▶ **DATA EXCERPTS**:
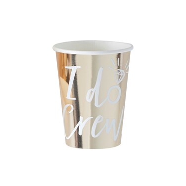 The gold foiling will shine bright around the party and the cute ring detailing will be loved by everyone - a chic cup for trendy hen celebrations.Pair our 'I Do' cup with our gold foiled 'I Do napkin' for a hen worthy celebration - Don't forget your I Do Crew Sash! Have Fun!Each pack contains 8 cups measuring 9cm (H) by 8.5cm (W). Each cup holds 9oz.
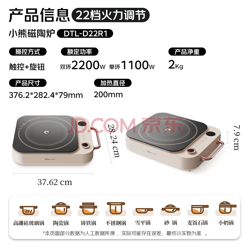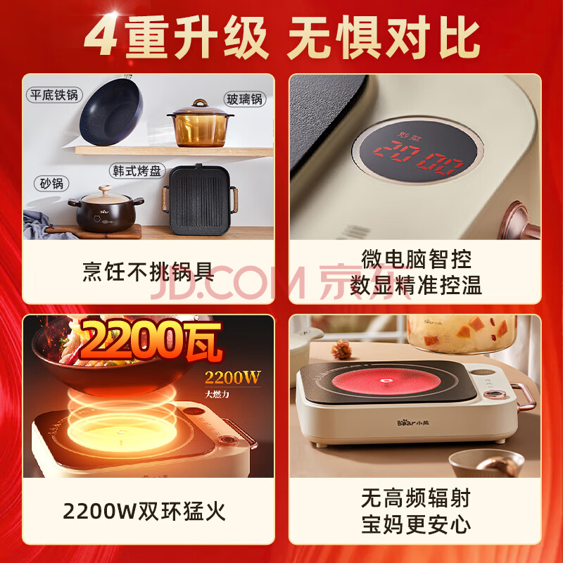 商品相册:小熊(Bear)电磁炉 电陶炉 家用煮茶火锅2200W大火力智能触控22档火力双环控火可定时无辐射电磁灶 DTL-D22A1第
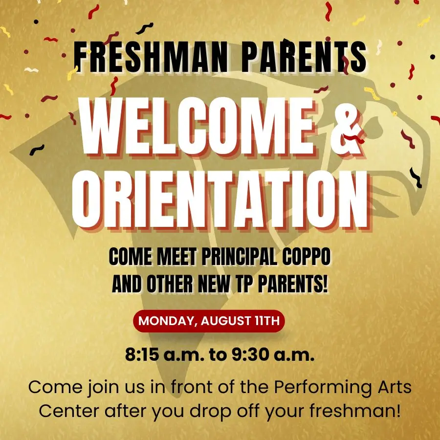 Welcome Freshman Parents - Drop off your new falcon and come meet other new TP parents in front of the Performing Arts Center for coffee and parent resources. Principal Rob Coppo will be speaking to our incoming parents and providing you with the information that you need to start of the Fall semester strong!
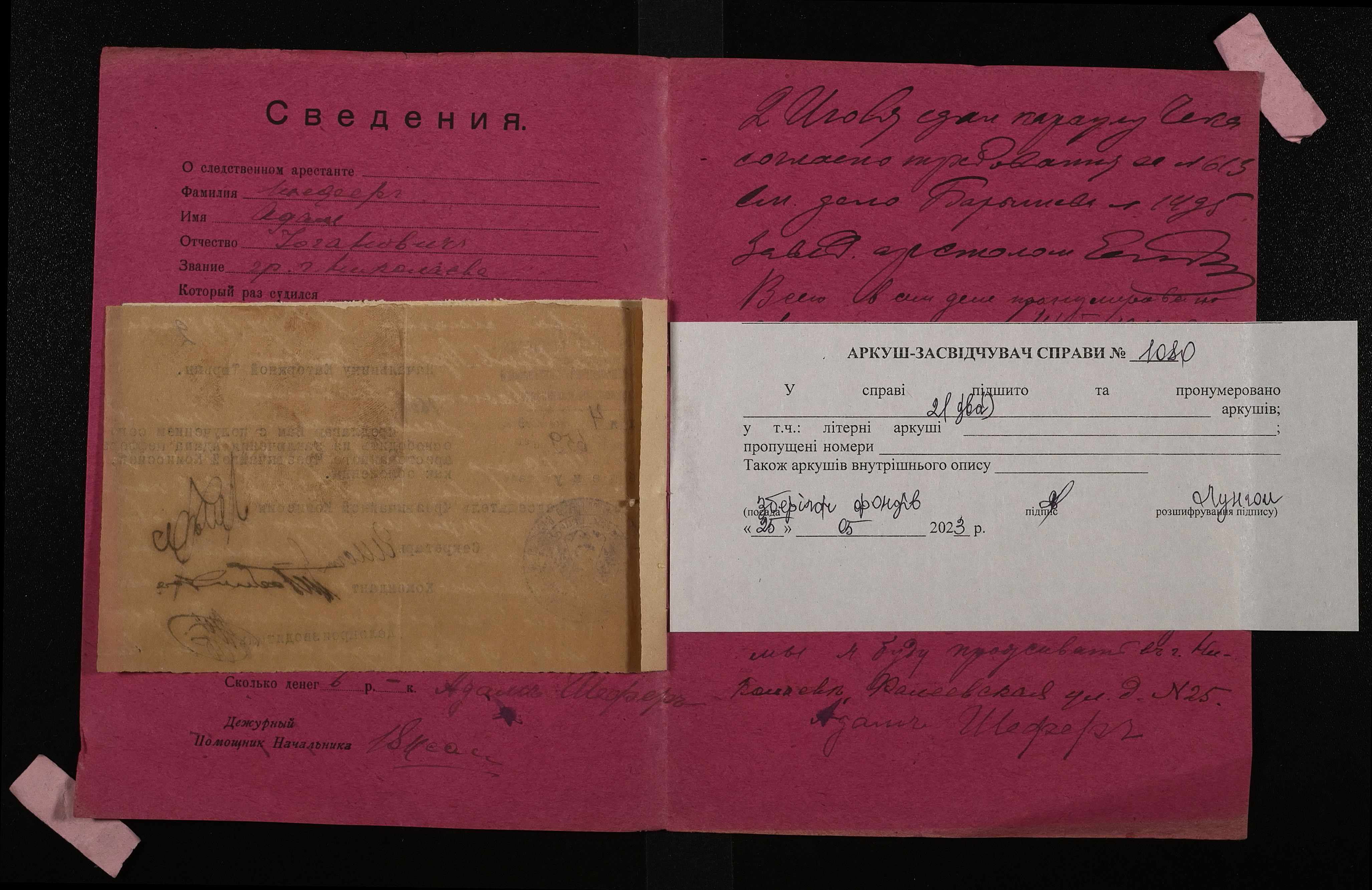 • • • • Справа № 1080 Шеферер Адам Йоганович (Шеферер Адам Иоганович)
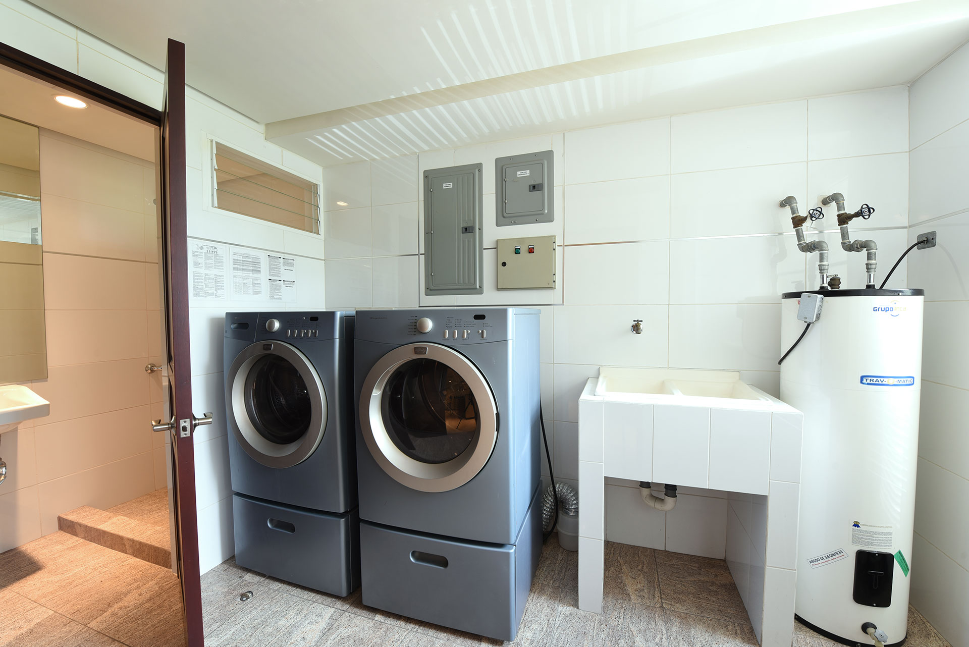 Gran Sala-comedor, cocina, y área de lavado con baño de servicio.
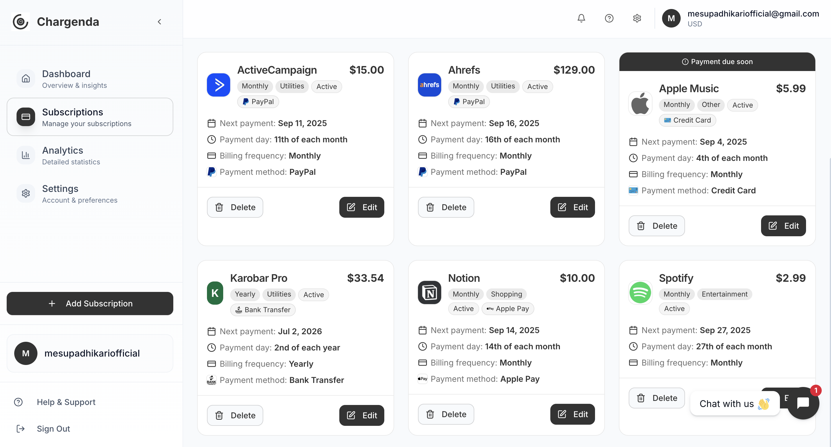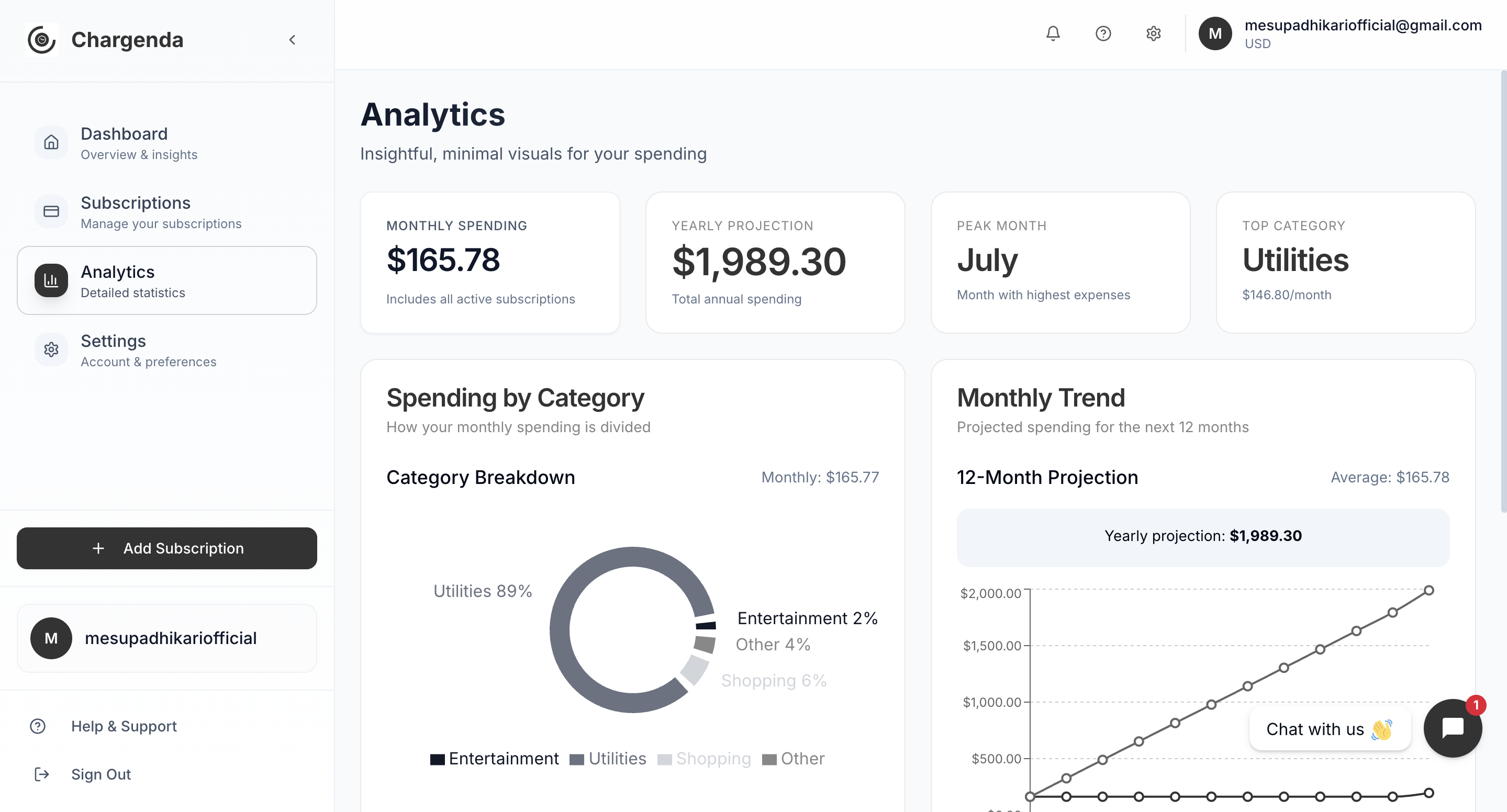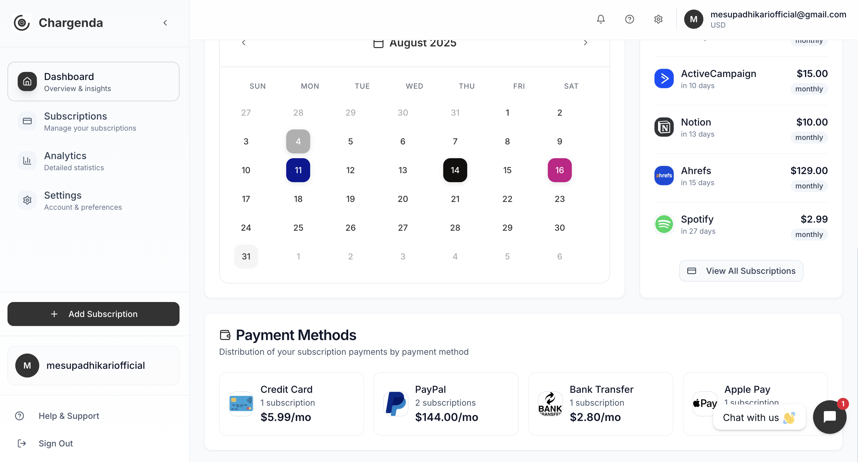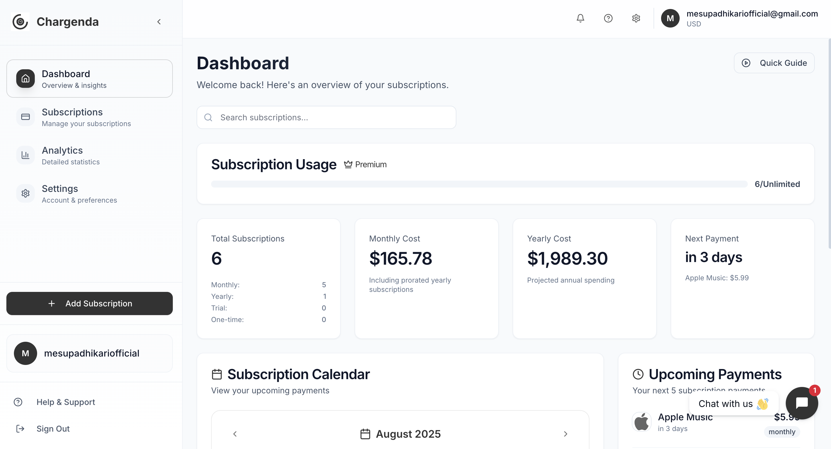 Chargenda helps you manage all your paid subscriptions in one smart calendar. Get reminders, see upcoming payments, and stay in control - effortlessly.
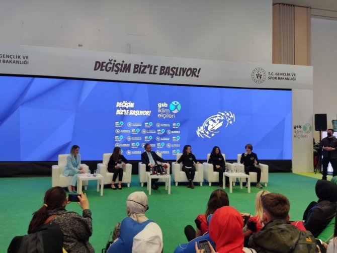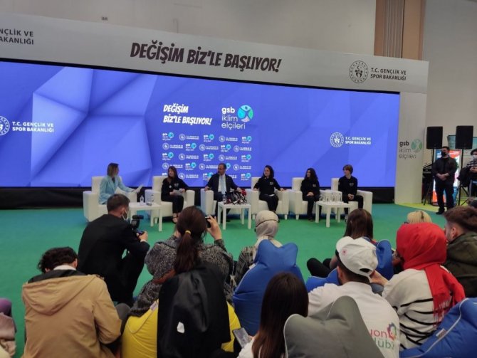 Gençlik ve Spor Bakanı Mehmet Muharrem Kasapoğlu, ATO Congresium'da düzenlenen Ekonomi ve İklim Değişikliği Zirvesi'nin (EKO İKLİM) ikinci gününde "Genç Meydan" alanında gençlerle buluştu. Gençlerle sohbet eden Bakan Kasapoğlu, iklim değişikliğiyle mücadelenin önemine vurgu yaptı. Kasapoğlu, sporcuları iklim elçisi ilan etme konusunda çalışma gerçekleştireceklerini bildirdi. Gençlere çevre duyarlılıkları için teşekkür eden Bakan Kasapoğlu, kitleleri ikna edip çevre duyarlılığını güçlendirmek gerektiğini belirterek, "Çevre bize emanet. Toprak, su, her türlü varlık aslında bizler için aynı zamanda birer sorumluluk. Bardakta duran suyun bize yüklediği sorumluluk var ve hakikaten bu anlamda her geçen gün özellikle iklim değişikliğiyle birlikte değişen şartlar var. Suyun sorumluluğundan bahsederken su kirliliği, kuraklık, suyun yokluğu bir tanesi. Evde buzdolabındaki elmanın bize yüklediği sorumluluk var. Gıda güvenliğinden, kıtlıktan bahsediyor dünya uzun vadede. Bir yandan temiz bir hava solumanın şükrünü eda etmemiz gerekiyor ama bir yandan da onun bize yüklediği sorumluluk var. Öncelikle bu bilince sahip olmak, bu bilinci diri tutmak, yani bir şeyi bir defa yapıp bırakmak değil asıl olan. Sürdürülebilir bir şekilde politikalar geliştirip o politikaları yine o dinamizme göre güncellemek gerekiyor" diye konuştu.
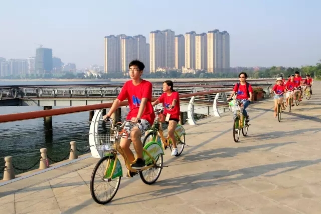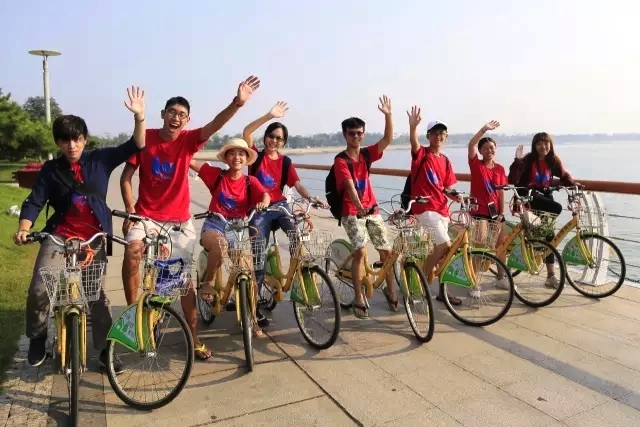 这是暑学营行程中体验“新四大发明”一项重要内容——体验共享单车。自2017年5月,来自“一带一路”沿线的20国青年评选出中国“新四大发明”以来,高铁、支付宝、共享单车和网购成了中国大陆的当代名片,台湾学生们也在这次旅程中亲身体验了支付宝、共享单车和网购。

▶ **WHAT YOU HAVE TO DO**: Return the opening line of the data above and every line after it up to and including the line that holds "Chargenda helps you"; pictures stay out.

▶ **WRITTEN ANSWER**:
 The gold foiling will shine bright around the party and the cute ring detailing will be loved by everyone - a chic cup for trendy hen celebrations.Pair our 'I Do' cup with our gold foiled 'I Do napkin' for a hen worthy celebration - Don't forget your I Do Crew Sash! Have Fun!Each pack contains 8 cups measuring 9cm (H) by 8.5cm (W). Each cup holds 9oz.
 商品相册:小熊(Bear)电磁炉 电陶炉 家用煮茶火锅2200W大火力智能触控22档火力双环控火可定时无辐射电磁灶 DTL-D22A1第
 Welcome Freshman Parents - Drop off your new falcon and come meet other new TP parents in front of the Performing Arts Center for coffee and parent resources. Principal Rob Coppo will be speaking to our incoming parents and providing you with the information that you need to start of the Fall semester strong!
 • • • • Справа № 1080 Шеферер Адам Йоганович (Шеферер Адам Иоганович)
 Gran Sala-comedor, cocina, y área de lavado con baño de servicio.
 Chargenda helps you manage all your paid subscriptions in one smart calendar. Get reminders, see upcoming payments, and stay in control - effortlessly.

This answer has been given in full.